I’m so enjoying highlighting the exceptional work of many wonderfully dedicated friends and colleagues, and am looking forward to developing this pedagogy series over the coming year.
Today’s post is the final instalment of my interview with concert pianist and piano professor James Kirby. In this article, James talks about his love of educational work, particularly adjudicating, examining and teaching.
You are a passionate teacher, when did you start teaching the piano? You currently teach the piano at The Royal Welsh College of Music and Drama, Royal Holloway University (London), and Eton College. What are the main challenges and differences between your roles at these institutes?
When I was studying in Moscow I visited a few Diplomatic friends from the British Embassy and did some teaching in exchange for meals. I have to admit that this was purely transactional, and I had very little real interest in teaching the piano at that point. When I returned to the UK, I took on a few private students, but the “spark” had still not been lit. At that point in my life I was really interested in practising and performing, and regarded teaching as something of a distraction. What a complete contrast from today, where teaching is an absolutely core part of my life! I love it just as much as performing, it feeds and nourishes me and I learn from it every single day. I didn’t even think about getting a regular teaching post until my early thirties, when I started doing a day’s teaching at Queenswood School. I was then offered a job at Royal Holloway, University of London in 1998. This felt different – I found myself dealing with some quite serious pianists. Unlike in music conservatoires these days, I had never been taught how to teach, and I don’t think I had a clue. I was far too impatient and critical. I gradually began to appreciate that each student needed a different kind of help and understanding their psychological “make up” and personality was equally as important. It took me a while to settle down, but gratifyingly, I am still there, and also still in touch with some of those students I taught in my very first year over a quarter of a century ago. The music course here of course, has a more academic focus but I often find that university students have very good harmonic and theoretical knowledge and they can make very imaginative and interesting choices with regard to repertoire.

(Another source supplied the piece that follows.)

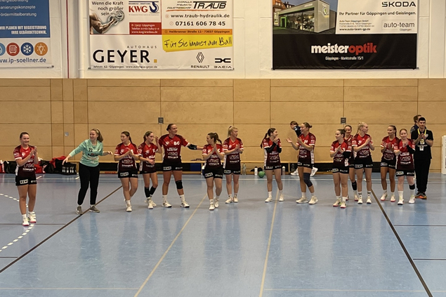Nach dem Seitenwechsel startete Vöhringen in Überzahl, aber statt den Vorsprung zu vergrößern, vergab man diese Gelegenheit leichtsinnig und handelte sich noch zwei Gegentore zum 15:12 ein. Doch dann schüttelten sich die Mädels wieder und Theresia Miller und Alicia Staigmüller hatten drei Zeigerumdrehungen später wieder auf 17:12 vorgelegt. Die Gäste wehrten sich tapfer und verkürzten nochmals auf 18:15; da Vöhringen dann einen Siebenmeter an den Pfosten setzte hatte die FSG Altenstadt/Geislingen sogar die Möglichkeit auf zwei Tore zu verkürzen. Doch mit vereinten Kräften wurde dies verhindert und dann nutzten die Vöhringer Goalgetterinnen Alicia Staigmüller und Theresia Miller ihre Chancen wieder, sie ließen beim 20:15 einen beruhigenden Vorsprung an der Anzeigetafel aufleuchten. Da die Abwehr weiterhin sicher stand, geriet der Vöhringer Sieg ab diesem Zeitpunkt nicht mehr in Gefahr; im Gegenteil – unsere Rückraumspielerinnen Carla Pfetsch und Lina Schiller bauten mit jeweils zwei Toren die Führung auf 25:18 etwa zehn Minuten vor Spielende aus. Mit diesem Vorsprung im Rücken wurde in der Offensive dann etwas der Fuß vom Gaspedal genommen. Die beiden letzten Vöhringer Tore gingen auf das Konto von Lina Schiller und Alicia Staigmüller; den Gästen gelang noch eine moderate Ergebniskorrektur. Da spielte es auch keine Rolle mehr, dass Loretta Hesse nach einem unglücklichen Zusammenprall 15 Sekunden vor Schluss disqualifiziert wurde; den fälligen Strafwurf verwandelte der Gegner zum 27:22 Endstand.

I have taught at the Royal Welsh College of Music and Drama in Cardiff since 2010. It’s a fair old day trip from east London and the geekish side of me has just worked out that 14 years of weekly commuting to Cardiff has taken me half way to the moon. I give one to one lessons, take classes and coach chamber music. Our course is particularly wide ranging, very creative and imaginative, placing solo studies alongside collaborative work (working in piano duos, playing with singers and instrumentalists), and experiencing the harpsichord and fortepiano. Special attention is given to sight reading – many of our pianists are extremely good sight readers now. The syllabus is designed so that every student encounters repertoire from an extremely wide range of periods and genres. Again, it is essential to “read” our students and help them with the considerable demands of their assignments through the year, culminating in an “end of year” recital. There is an impressive series of piano recitals at RWCMD, and I find it absolutely fascinating to ask the students what they thought and felt about the concert. The feedback can be surprising and unexpected and I have long learned that the strongest pianists certainly aren’t necessarily the most perceptive. My favourite answer of all came from a young lady who, after hearing a young German pianist was “Oh, I didn’t listen to a single note! He was so handsome that I just looked at him for two hours!”

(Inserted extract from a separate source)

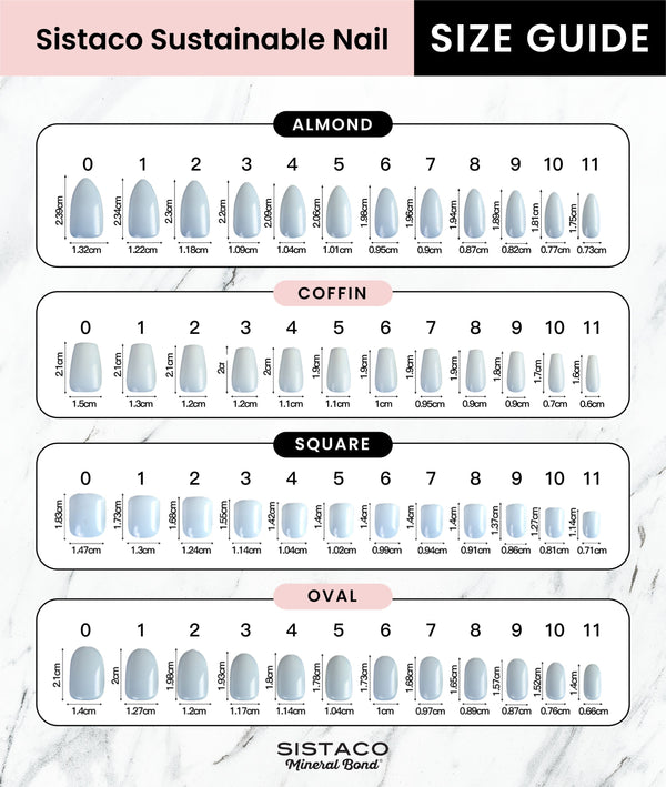 There is a range of sizes in the pack to cater to all nail types and the nails can also be shaped to your size using the file. For further information, refer to our size guide.

When I first started at Eton College I found it quite odd that I was considerably underdressed compared to the students, in their smart white tie and tails. I found it strange that they didn’t need to dress up into concert gear as they were already wearing it for most of the day! The boys are fabulously bright, of course, and even though not a huge number of them plan to have musical careers, their talent is such that many of them easily could do. They are a pleasure to teach and interesting to work with, and as well as giving individual lessons I lead workshops and coach chamber music. The boys are all extremely busy, but I am always intrigued that the very busiest ones somehow find the most time to practice.

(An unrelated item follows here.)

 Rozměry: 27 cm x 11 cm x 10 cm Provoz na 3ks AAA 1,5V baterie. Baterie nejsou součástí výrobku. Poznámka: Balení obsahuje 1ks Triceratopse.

Do many of your students take music exams and do you feel these are an important part of a student’s curriculum?
As an ABRSM examiner, I encourage and recommend my students to take Graded exams as they are a very useful goal. Certainly not the online ones. They were a godsend, of course, during Covid but I am concerned that they have remained so prominent and I can’t help wondering whether the fact that many young people aren’t doing scales, sight reading and aural tests is why we hear quite a lot of very shaky playing nowadays….
Just as importantly though, I encourage my students to take advantage of the many performance opportunities that are on offer. At RWCMD and RHUL, there are many opportunities for performances both inside and outside of college. I organise several concerts every year for my own students. The Annual Piano Competition at Eton is a spectacular marathon, usually about seven hours of really classy playing from over fifty boys. Most of my students take part and I also send them to performance classes, where they have the opportunity to play to another teacher and get some fresh ideas.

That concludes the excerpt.